Provided records:
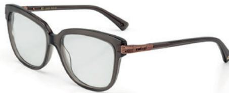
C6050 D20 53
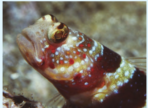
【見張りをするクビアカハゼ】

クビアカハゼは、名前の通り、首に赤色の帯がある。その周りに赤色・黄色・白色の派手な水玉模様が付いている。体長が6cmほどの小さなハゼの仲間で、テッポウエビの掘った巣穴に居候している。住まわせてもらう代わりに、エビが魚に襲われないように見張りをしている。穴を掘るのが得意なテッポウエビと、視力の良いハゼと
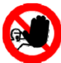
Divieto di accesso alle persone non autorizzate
* * *
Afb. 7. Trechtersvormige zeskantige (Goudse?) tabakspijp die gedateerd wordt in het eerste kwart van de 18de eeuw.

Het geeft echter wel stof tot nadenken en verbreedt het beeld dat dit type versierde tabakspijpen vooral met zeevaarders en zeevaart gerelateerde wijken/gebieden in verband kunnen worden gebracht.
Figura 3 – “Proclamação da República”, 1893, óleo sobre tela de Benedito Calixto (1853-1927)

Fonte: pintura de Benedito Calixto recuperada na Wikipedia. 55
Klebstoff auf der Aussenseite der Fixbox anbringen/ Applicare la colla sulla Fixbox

Assignment: Pictures excluded, transcribe the listing above exactly from the line with "C6050 D20 53" through the line with "Divieto di accesso", and no further.

Written answer:
C6050 D20 53
【見張りをするクビアカハゼ】

クビアカハゼは、名前の通り、首に赤色の帯がある。その周りに赤色・黄色・白色の派手な水玉模様が付いている。体長が6cmほどの小さなハゼの仲間で、テッポウエビの掘った巣穴に居候している。住まわせてもらう代わりに、エビが魚に襲われないように見張りをしている。穴を掘るのが得意なテッポウエビと、視力の良いハゼと
Divieto di accesso alle persone non autorizzate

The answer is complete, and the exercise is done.